The evaluation procedure changes from simply and incorrectly evaluating just the model
to correctly evaluating the entire pipeline of data preparation and model together as a single
atomic unit. This can be achieved using the Pipeline class. This class takes a list of steps
that define the pipeline. Each step in the list is a tuple with two elements. The first element is
the name of the step (a string) and the second is the configured object of the step, such as a
transform or a model.

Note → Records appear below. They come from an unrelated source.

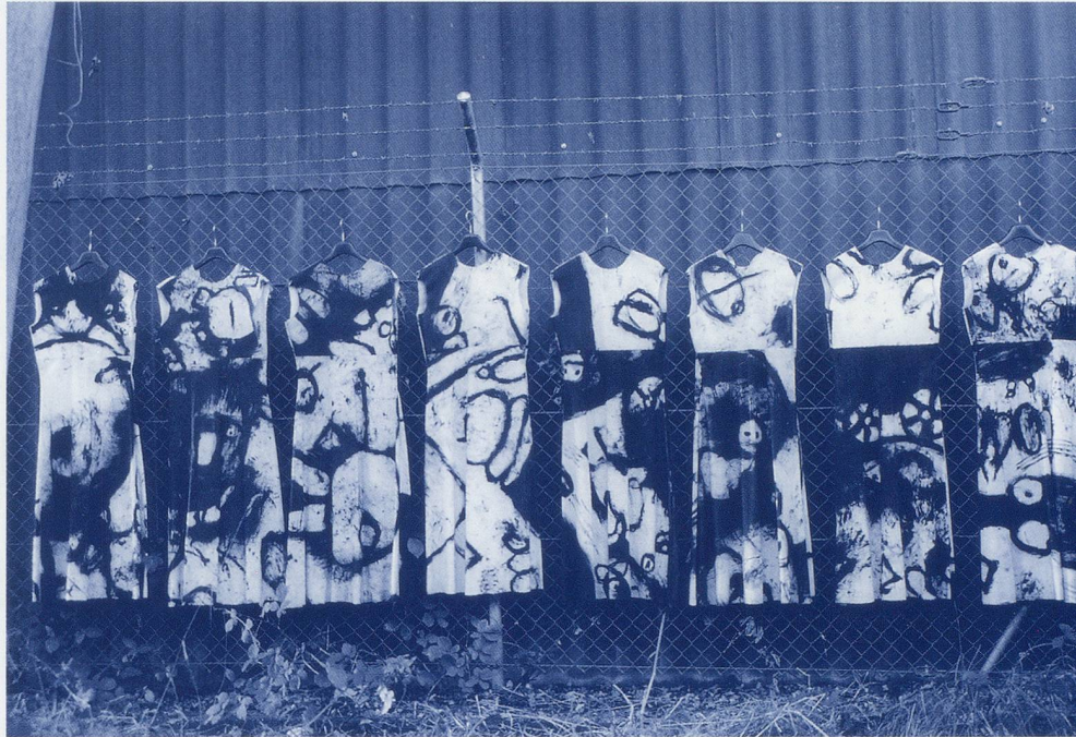
Getragene Kleider 98

Dienstag, 29. Februar 2000 von 18.00 bis 19.30 Uhr Zug, Pro Senectute, General-Guisan-Strasse 22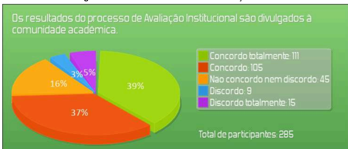
Figura 1: Indicador 1 do instrumento de Avaliação Institucional

Dentre os 285 participantes que avaliaram o item que trata da divulgação dos dados da Avaliação Institucional pela CPA, 212 avaliaram positivamente (Concordo totalmente, Concordo), como demonstra o gráfico abaixo.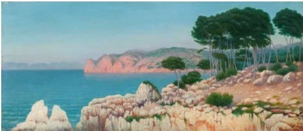
William Degouve de Nuncques (1867-1935), Côte aux Baléares (Majorca, Cala San Vicente)

William Degouve de Nuncques, simbolista belga, esponeva regolarmente con il famoso gruppo di artisti 'Les XX' e La Libre Esthétique. Dal 1900 al 1902, visse a Maiorca e divenne amico degli artisti catalani Santiago Rusiñol e Joaquín Mir, un legame che negli anni seguenti diede vita a importanti scambi tra artisti spagnoli e belgi. Proprio a Maiorca l'artista ha creato i suoi paesaggi più colorati, affascinato dalla magnifica costa di Cala San Vicente con le sue formazioni rocciose rosa e bianche, così brillantemente rese nel dipinto mostrato qui sopra.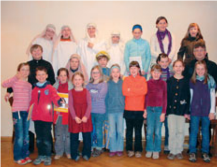
Gruppenfoto vor der Aufführung in Leubnitz

„Philippus und der Kämmerer“ mit den Kurrenden Leubnitz und Meißen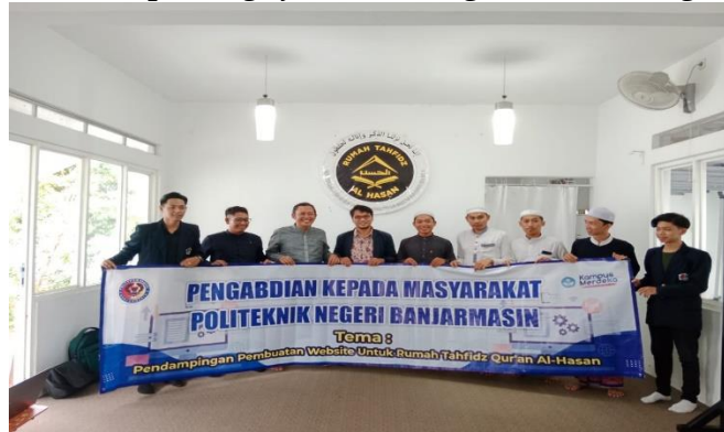
Gambar 2. Foto Bersama dengan Peserta PKM Rumah Tahfidz Qur'an Al-Hasan

Berbekal semangat dan keinginan yang kuat, peserta pengabdian secara antusias datang untuk mengikuti pendampingan pelatihan pembuatan website. Kegiatan pengabdian kepada masyarakat dilaksanakan pada jam 13.00 - 15.30 WITA pada hari minggu. Pada pendampingan pelatihan pembuatan website, peserta didik dibekali tentang pengetahuan awal pentingnya website bagi suatu lembaga/organisasi.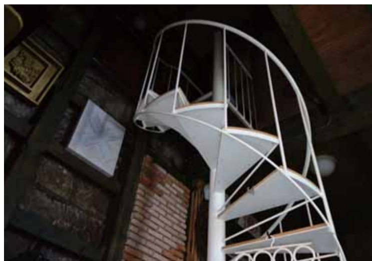
異空間への螺旋階段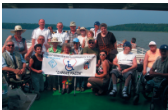
Wycieczka była naprawdę udanym wyjazdem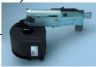
ASSYmat 80 0702 164 2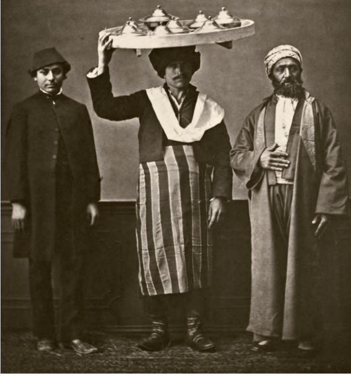
28- Eski kıyafetleri içinde bir İstanbullu (sağda), ayvaz (ortada) ve yeni kıyafetlerle bir genç (solda)

yerel dinamikler ile yabancı öğelerin birleşiminin örneğidir.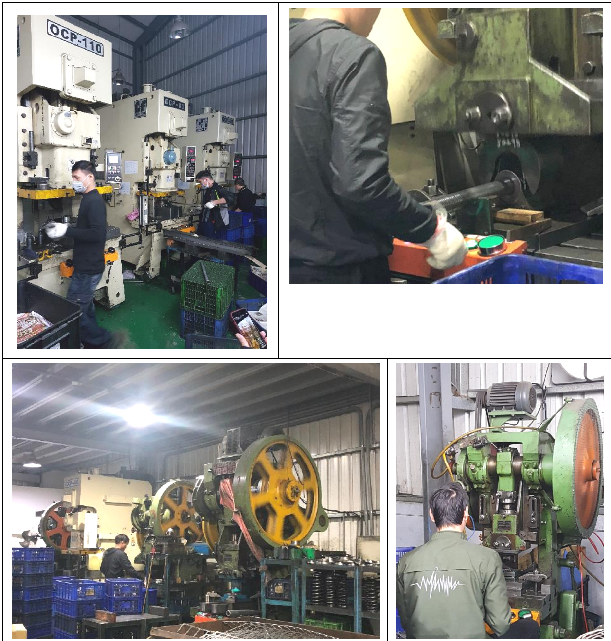
圖 6 E 企業公司作業現場。

6. 於 108 年 12 月 5 日履勘新北 F 印刷公司時抽訪作業現場移工，移工 H：「在公司工作 6 年，只有剛來的時候支付過仲介費，中

The model is only supported as the final step, although we can have as
many transforms as we like in the sequence.

In [None]:
# correct data preparation for model evaluation with k-fold cross-validation
from numpy import mean
from numpy import std
from sklearn.datasets import make_classification
from sklearn.model_selection import cross_val_score
from sklearn.model_selection import RepeatedStratifiedKFold
from sklearn.preprocessing import MinMaxScaler
from sklearn.linear_model import LogisticRegression
from sklearn.pipeline import Pipeline
# define dataset
X, y = make_classification(n_samples=1000, n_features=20, n_informative=15, n_redundant=5,
random_state=7)
# define the pipeline
steps = list()
steps.append(('scaler', MinMaxScaler()))
steps.append(('model', LogisticRegression()))
pipeline = Pipeline(steps=steps)
# define the evaluation procedure
cv = RepeatedStratifiedKFold(n_splits=10, n_repeats=3, random_state=1)
# evaluate the model using cross-validation
scores = cross_val_score(pipeline, X, y, scoring='accuracy', cv=cv, n_jobs=-1)
# report performance
print('Accuracy: %.3f (%.3f)' % (mean(scores)*100, std(scores)*100))


Accuracy: 85.433 (3.471)


Running the example normalizes the data correctly within the cross-validation folds of the evaluation procedure to avoid data leakage

We have seen here that there is an improvement in the predictive accuracy from 85.300 percent to about 85.433 percent. This example demonstrate that data leakage may impact the estimate of model performance and how to correct data leakage by correctly perform data preparation after the data is split.